Calif. helicopter pilot modest about saving fire crew

By Tony Manolatos
The San Diego Union-Tribune

SAN DIEGO — Mike Wagstaff flew his helicopter into blinding smoke to look for four firefighters and a teenage boy who were badly burned.

Eventually, Wagstaff would rescue the entire crew and the boy, whose father was killed in the fire. But he said he doesn't feel like a hero.

"Not really. No," Wagstaff said in an interview Tuesday. "A lot of people do, and I'm grateful to that. But I was just doing my job."

A wave of heroic tales is starting to surface as more firefighters emerge from the smoke and flames that killed seven people and destroyed about 1,400 homes across San Diego County.

In his first public interview, Wagstaff, 48, shared his story while standing before his helicopter at Gillespie Field in El Cajon. He wore sunglasses and a tan pilot jumpsuit.

Wagstaff and his crew arrived at the Harris Fire about 20 minutes after it started on Sunday, Oct. 21, near the U.S.-Mexican border in Potrero. The seven firefighters flying with Wagstaff quickly starting digging containment lines after he dropped them off near the origin of the fire.

Wagstaff is a contract pilot with the U.S. Forest Service who works for Kachina Aviation. This is his third fire season in San Diego County, where he works from May through November from the Ramona Air Attack Base.

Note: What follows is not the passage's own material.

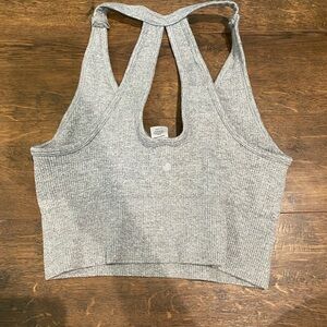 Stylish gray ribbed crop top with a V-neck design. Perfect for casual wear.

With his crew on the ground, Wagstaff started picking up water from nearby ponds and dropping it on flames, brush and homes. The Santa Ana winds were fierce, but Wagstaff has 23 years of experience fighting wildfires from the sky. He was concerned, mostly because of the winds, but he was busy, calm.

It was just after noon when Cal Fire Chief Ray Chaney, the air commander above the Harris Fire, pulled Wagstaff and another helicopter pilot off the fire.

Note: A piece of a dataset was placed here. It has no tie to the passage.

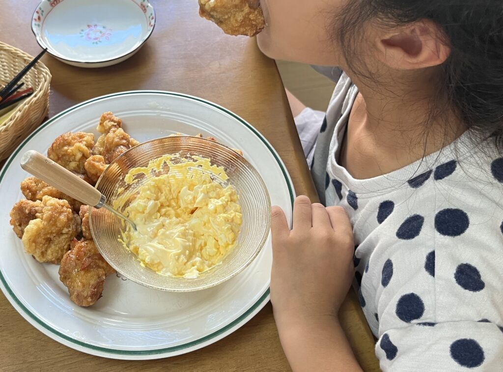 唐揚げ大好きはわかるけど、お行儀わる〜〜(笑)

"Ahhhh! Ahhhhh! Ahhhhh!" is what Chaney said he heard on his radio from the firefighters on the ground.

"They were these very short bursts," Chaney recalled. "Just this primal scream."

Chaney cut off communications with everyone other than the Cal Fire captain on the ground, Ray Rapue, Wagstaff and the other pilot.

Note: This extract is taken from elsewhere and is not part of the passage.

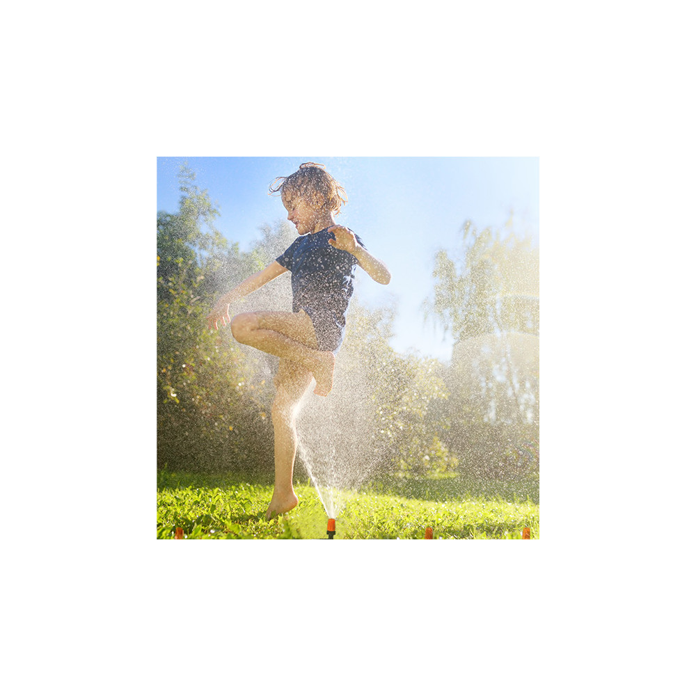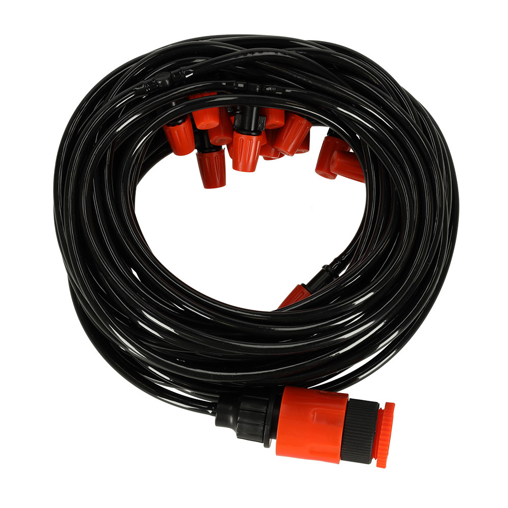 Zahradní zavlažovací systém je praktickým pomocníkem pro ochlazení zahrady během horkých letních dnů. Vytváří jemnou vodní mlhu, která dokáže snížit okolní teplotu až o 10 °C a zpříjemnit tak pobyt venku. Stačí jej jednoduše připojit k zahradní hadici nebo kohoutku a během chvíle si užívat osvěžující mlžení. Hadice o délce 20 metrů je vybavena 20 tryskami, které zajišťují rovnoměrné rozptýlení vody. Zavlažovač je vhodný nejen pro ochlazení terasy a zahrady, ale také pro šetrné zavlažování rostlin ve skleníku nebo na záhonech.

Chaney quickly briefed the pilots: There was a burn over. There were injuries, at least one fatality. One firefighter was missing. The pilots need to find and rescue four firefighters and one civilian immediately.

Wagstaff figured the people he was looking for were just behind the head of the fire. So that's where he went.

The smoke was thick and dark, but Wagstaff moved forward. He heard Rapue radio him. The captain could hear Wagstaff's helicopter.

"I was delighted," Wagstaff said.

Seconds later, Rapue said he could see the copter. Wagstaff saw a firefighter in a yellow jacket. He told Rapue to wave, and the man in the jacket did.

Wagstaff inched closer to the ground, but a thick cloud of smoke was approaching the front of his helicopter. So Wagstaff pulled up and moved to a clearing. He moved back as soon as the smoke passed.

Rapue radioed him. The captain said he didn't have his whole crew.

"That's OK," Wagstaff said. "We'll come in and we'll get as many people as we can out of there."

He landed and seconds later, everyone but Andrew Pikop and Thomas Varshock boarded the aircraft. Varshock died while trying to save his Potrero home with his 15-year-old son, Richard, who was now with Wagstaff.

"They all walked on," Wagstaff said. "They were all helping each other."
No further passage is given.